A nivel técnico, Pragmata es una demostración de lo que el RE Engine puede lograr en manos expertas. Pero más allá del rendimiento bruto, lo que distingue visualmente al juego es la colaboración con Shoji Kawamori, el legendario diseñador de Macross. Su influencia se siente en cada traje espacial, en la articulación retorcida de los robots enemigos y en la arquitectura orgánica-mecánica de la base lunar. Es un juego que se ve como ningún otro.

El diseño sonoro acompaña a la altura: música techno pulsante que convierte cada enfrentamiento en una coreografía de adrenalina, y melodías etéreas y minimalistas que refuerzan el silencio inquietante del espacio entre misiones.

Veredicto

Pragmata no es un juego sin fisuras. Su estructura de niveles tiende hacia lo lineal, y algunos tropos narrativos sobre inteligencias artificiales rebeldes pueden sentirse predecibles para los jugadores más avezados en el género. Pero estas son críticas menores ante la magnitud de lo que Capcom ha construido.

Este es un juego que sabe exactamente lo que quiere ser y lo ejecuta con una confianza que resulta refrescante. No hay mundos abiertos rellenos de marcadores, ni pases de batalla, ni servicios en vivo.

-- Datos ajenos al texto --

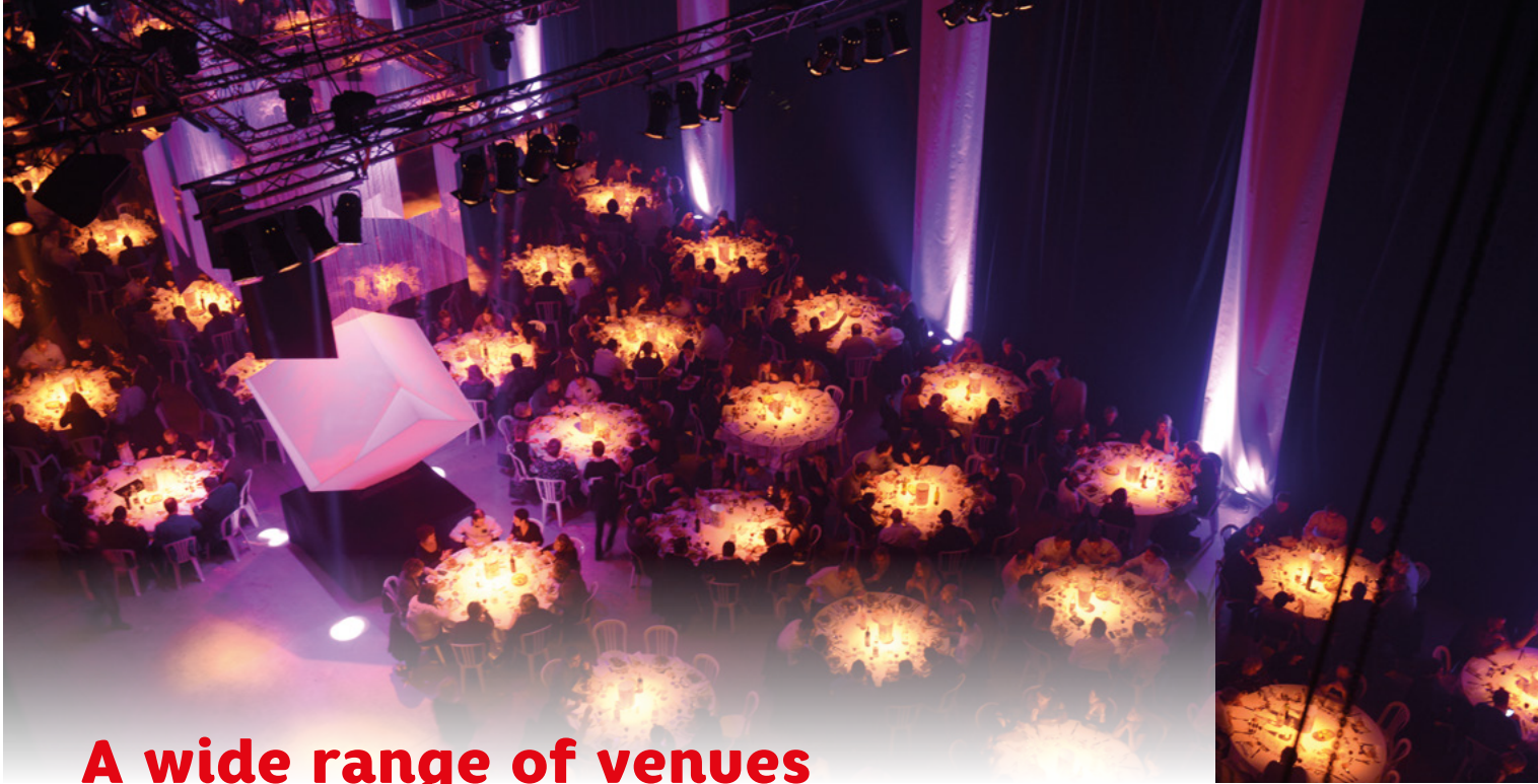
The Caen Zenith.

Solo una historia bien contada, un sistema de combate profundo y memorable, y una relación entre dos personajes que se queda contigo mucho después de los créditos finales. Con contenido postjuego generoso —incluyendo la dificultad Lunatic y los desafíos de señal desconocida— el valor del paquete es más que justificado.

Capcom lleva una racha histórica, y Pragmata no solo la continúa: la eleva. Bienvenida sea la nueva franquicia.

Pragmata está disponible para PlayStation 5, Windows, Xbox Series X|S y Nintendo Switch 2. La versión para hacer la reseña fue para Xbox. Gracias a Capcom por brindarnos una copia del juego.